▶ WORK TO COMPLETE
Among the entries below, retype exactly the lines starting with the one with "После активации аккаунта" and going on through the one with "我们准备鱿鱼去牙,处理好后改刀成小块,水开将鱿鱼烫一下,再用清水洗净控干水分", but not the pictures.

▶ DATA TO PROCESS
☆ ☆ ☆ ☆ ☆

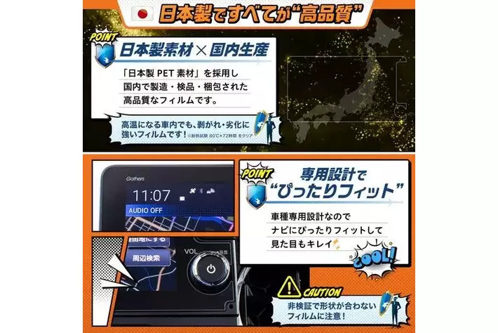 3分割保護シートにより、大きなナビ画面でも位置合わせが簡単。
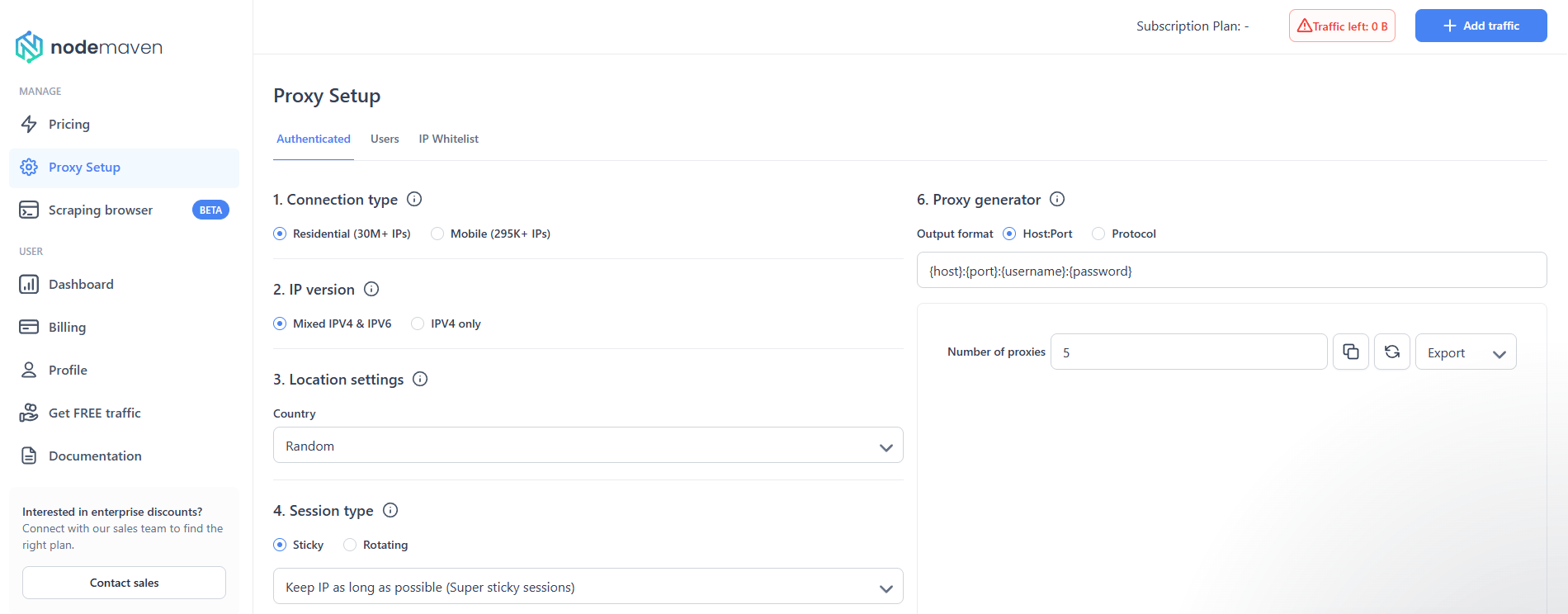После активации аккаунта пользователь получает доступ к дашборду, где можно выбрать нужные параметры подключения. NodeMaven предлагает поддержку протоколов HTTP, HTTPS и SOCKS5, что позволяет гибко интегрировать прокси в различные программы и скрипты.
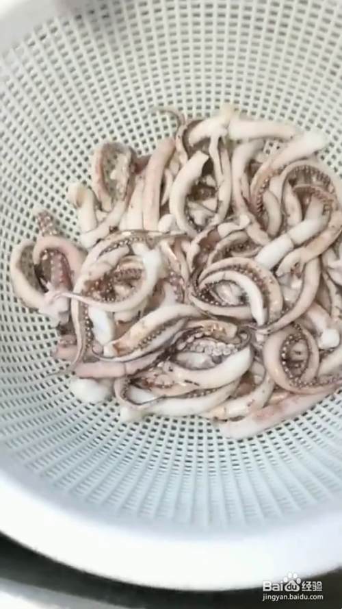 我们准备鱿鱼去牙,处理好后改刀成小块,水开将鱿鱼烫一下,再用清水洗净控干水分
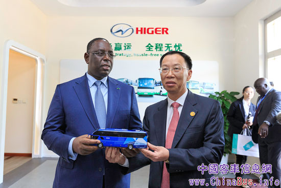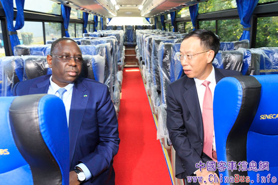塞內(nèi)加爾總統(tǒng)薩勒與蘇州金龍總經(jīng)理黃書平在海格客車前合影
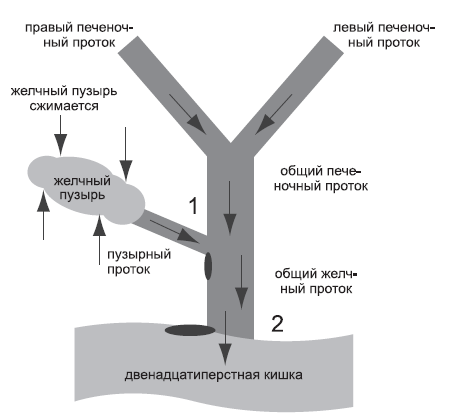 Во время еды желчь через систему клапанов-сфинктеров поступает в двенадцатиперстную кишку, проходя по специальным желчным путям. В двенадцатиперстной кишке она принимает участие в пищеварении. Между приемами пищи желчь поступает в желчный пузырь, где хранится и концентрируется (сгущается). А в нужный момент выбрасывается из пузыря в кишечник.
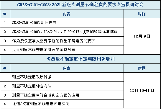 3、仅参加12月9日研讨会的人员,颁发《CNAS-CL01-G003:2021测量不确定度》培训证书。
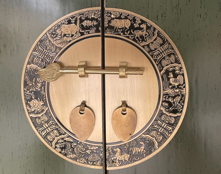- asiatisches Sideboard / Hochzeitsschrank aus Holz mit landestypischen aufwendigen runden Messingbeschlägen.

☆ ☆ ☆ ☆ ☆

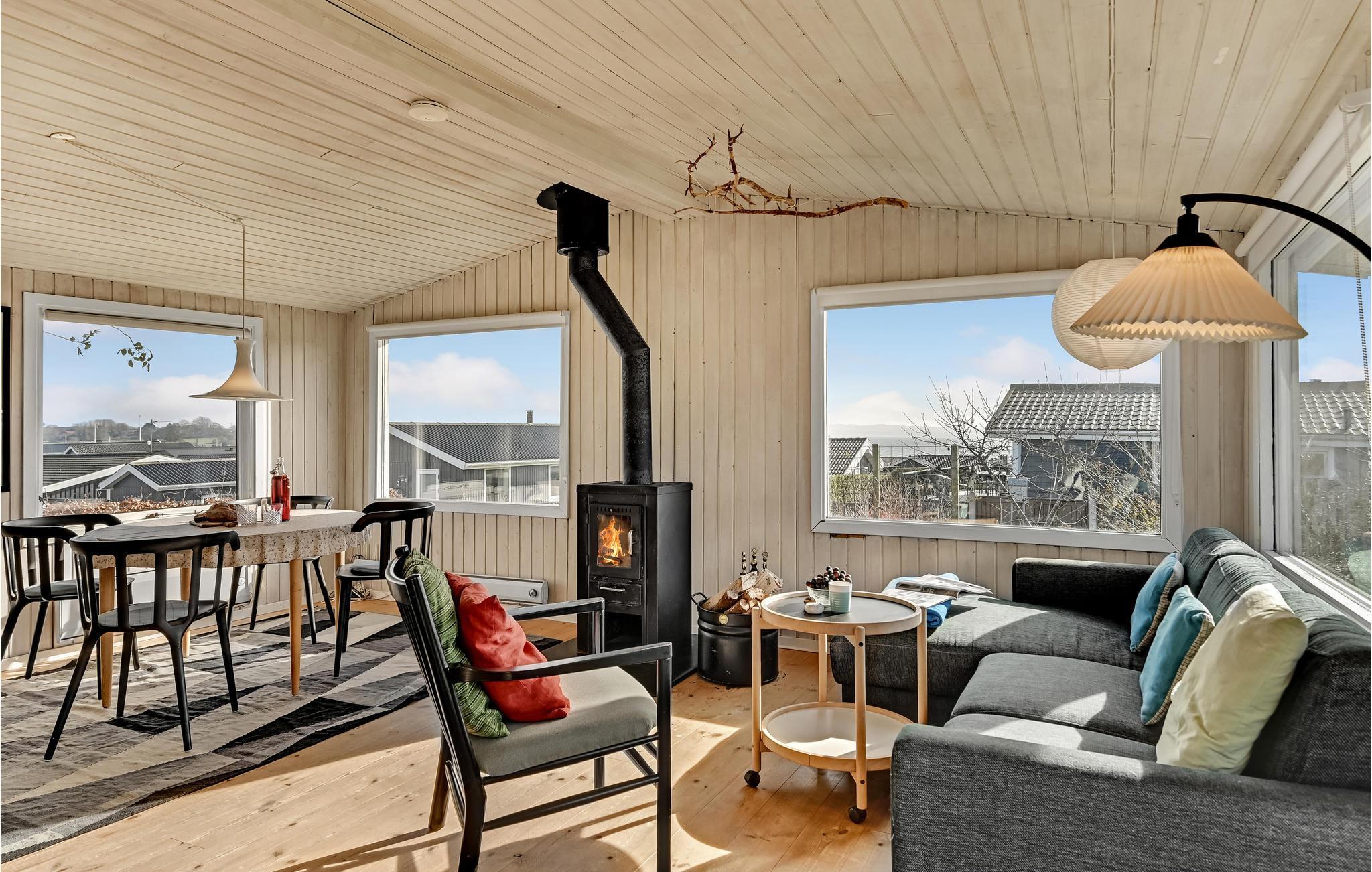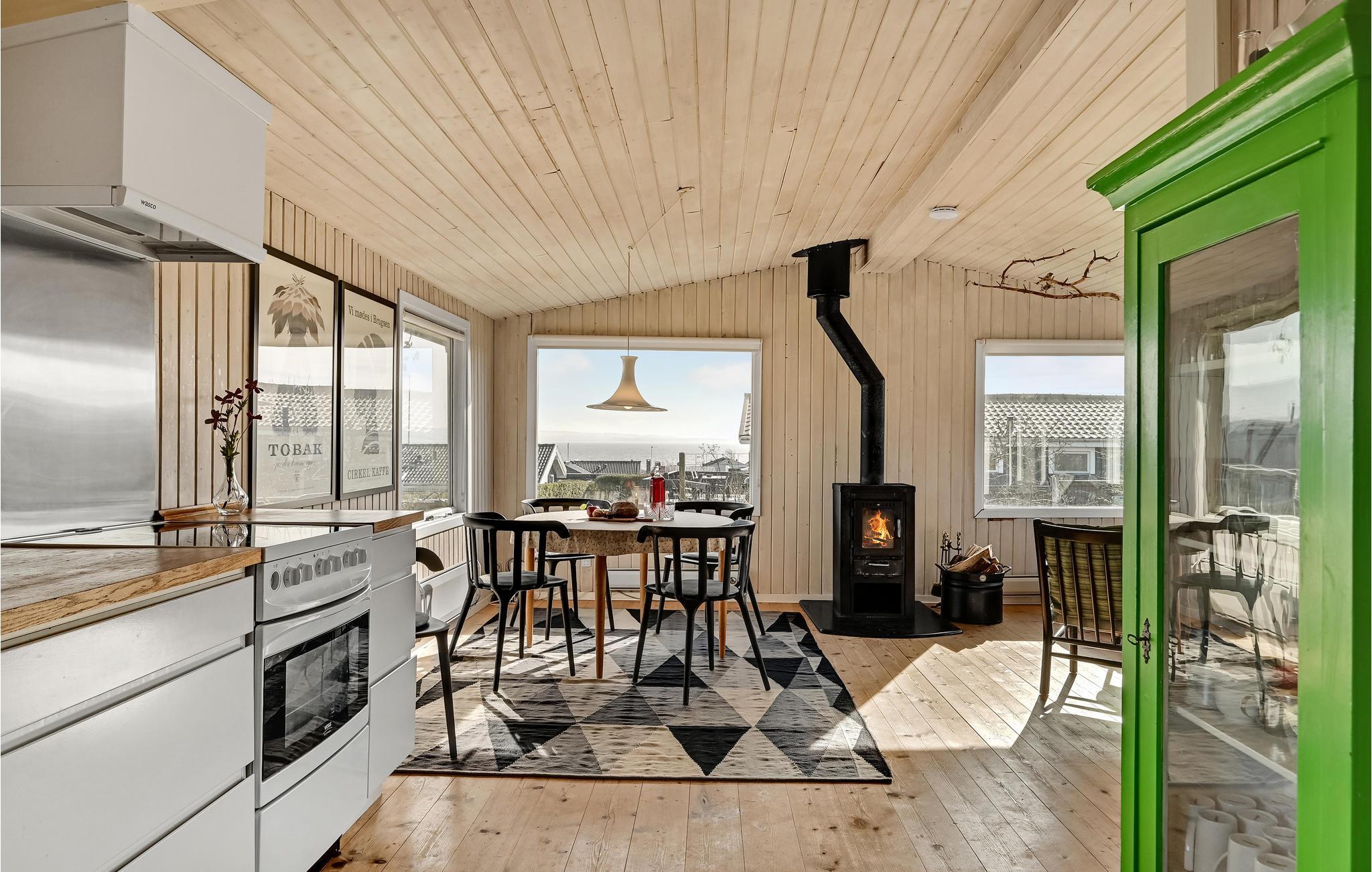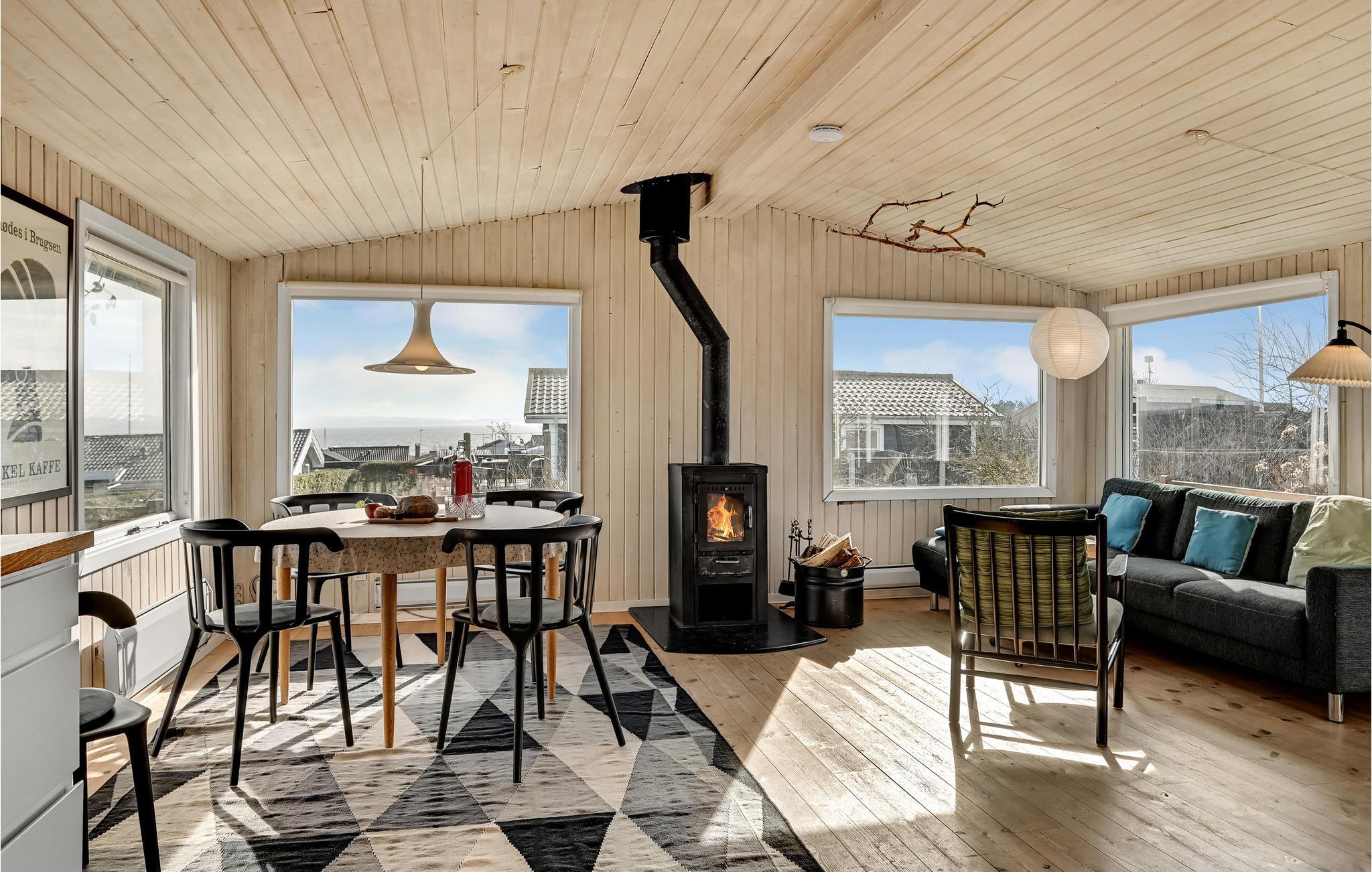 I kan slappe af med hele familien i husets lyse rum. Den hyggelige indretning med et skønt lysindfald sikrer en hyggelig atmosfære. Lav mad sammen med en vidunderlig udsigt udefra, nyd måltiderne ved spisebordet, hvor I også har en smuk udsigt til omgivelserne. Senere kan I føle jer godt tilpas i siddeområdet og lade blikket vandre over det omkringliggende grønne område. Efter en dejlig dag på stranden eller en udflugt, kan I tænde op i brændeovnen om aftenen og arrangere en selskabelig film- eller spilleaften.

☆ ☆ ☆ ☆ ☆

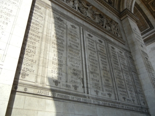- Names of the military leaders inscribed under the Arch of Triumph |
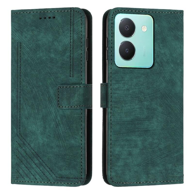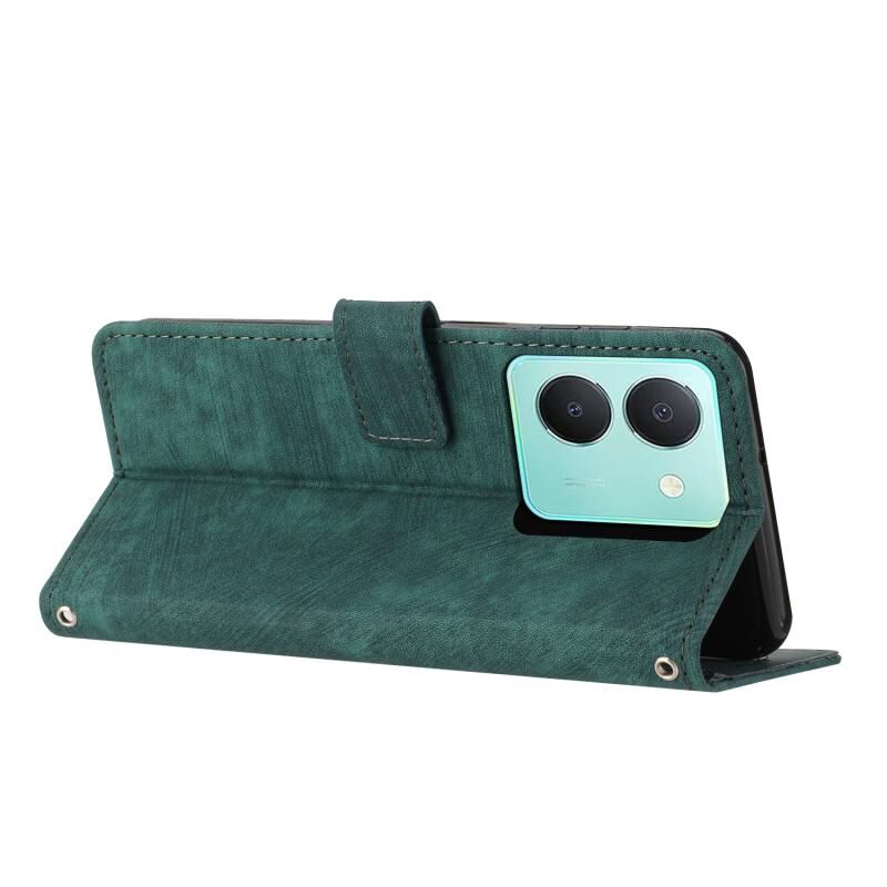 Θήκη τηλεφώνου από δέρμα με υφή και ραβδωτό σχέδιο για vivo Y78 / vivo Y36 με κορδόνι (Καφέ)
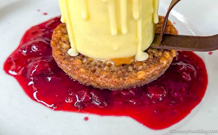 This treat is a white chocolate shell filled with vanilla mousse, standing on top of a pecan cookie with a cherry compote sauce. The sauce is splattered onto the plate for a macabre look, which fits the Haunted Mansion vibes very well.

☆ ☆ ☆ ☆ ☆

▶ YOUR RESPONSE
После активации аккаунта пользователь получает доступ к дашборду, где можно выбрать нужные параметры подключения. NodeMaven предлагает поддержку протоколов HTTP, HTTPS и SOCKS5, что позволяет гибко интегрировать прокси в различные программы и скрипты.
 我们准备鱿鱼去牙,处理好后改刀成小块,水开将鱿鱼烫一下,再用清水洗净控干水分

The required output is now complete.